--- START ---

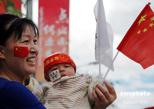 出生才60天的一名小寶寶周思璇同媽媽一道在街頭喜迎奧運火炬到達高原圣城。 中新社發 周波 攝
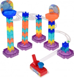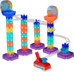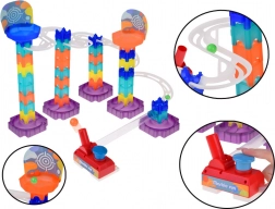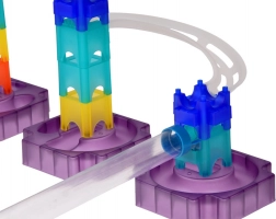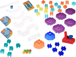 Ta kreativni komplet omogoča prosto kombiniranje modulov in ustvarjanje izvirnih tras. Zahvaljujoč prozornim stezam otroci vidijo gibanje kroglic v realnem času ter si naravno osvojijo principe gravitacije, hitrosti in vzroka in posledice. Robustne baze in zaskočeni spoji zagotavljajo stabilnost in enostavne predelave.
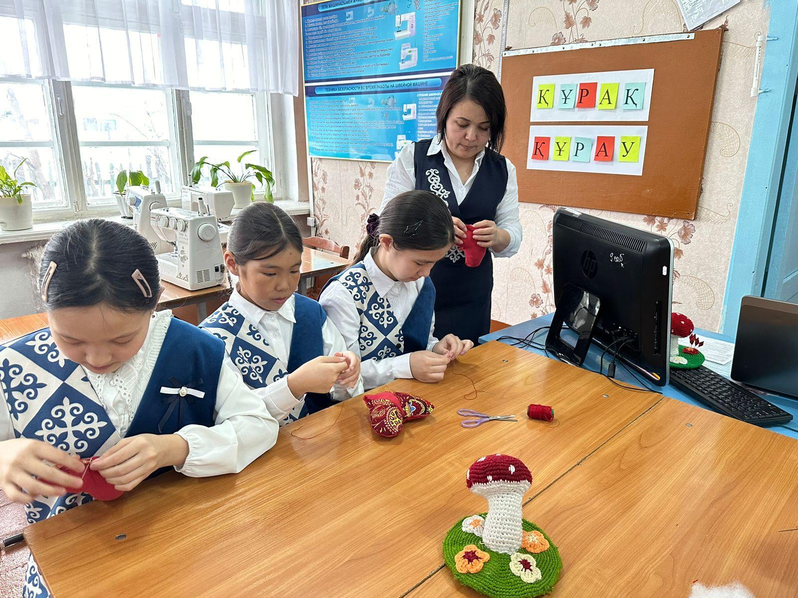 2024 жылдың 15 наурызда "Өнерлінің өзегі талмас" апталығы аясында көркем еңбек пәнінің мұғалімі Берикканова Мадина Каиргалиевна 5 "Г" сыныбында «Тоқыма мозайка техникасымен жасалған тігін бұйымдарынын дизайны. Жұмысты орындаудың реті» тақырыбында ашық сабақ өткізді. Сабақ барысында психологиялық ахуалды орнатуда «Құрақ құрау» сөздерінің әріптерінен қыздар бір-бірлеріне тілек тіледі. "Суреттер сөйлейді", "Ине қадағыш жасаудың нұсқаулық картасы" әдістері арқылы тапсырмаларды орындады. Кері байланысқа "Түрлі түсті түйреуіштер" әдісі қолданылып, сабақ қойылған мақсатына жетті.
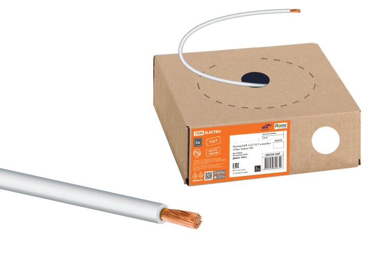 Провод ПуГВ 1х2,5 ГОСТ в коробке (100м), белый TDM (кр.100м)
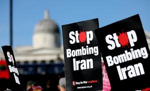 (260322) -- LONDRES, 22 marzo, 2026 (Xinhua) -- Imagen del 21 de marzo de 2026 de personas sosteniendo letreros frente a la Plaza Trafalgar durante una protesta en contra de los ataques estadounidenses e israelíes en Irán, en el centro de Londres, Reino Unido. (Xinhua/Li Ying) (rtg) (ah)

--- END ---

| Work instructions |
Only the lines from the one with "Провод ПуГВ 1х2,5" through the final line of the data should be written out, exactly and including both ends. Skip the pictures.

| Answer to the problem |
 Провод ПуГВ 1х2,5 ГОСТ в коробке (100м), белый TDM (кр.100м)
 (260322) -- LONDRES, 22 marzo, 2026 (Xinhua) -- Imagen del 21 de marzo de 2026 de personas sosteniendo letreros frente a la Plaza Trafalgar durante una protesta en contra de los ataques estadounidenses e israelíes en Irán, en el centro de Londres, Reino Unido. (Xinhua/Li Ying) (rtg) (ah)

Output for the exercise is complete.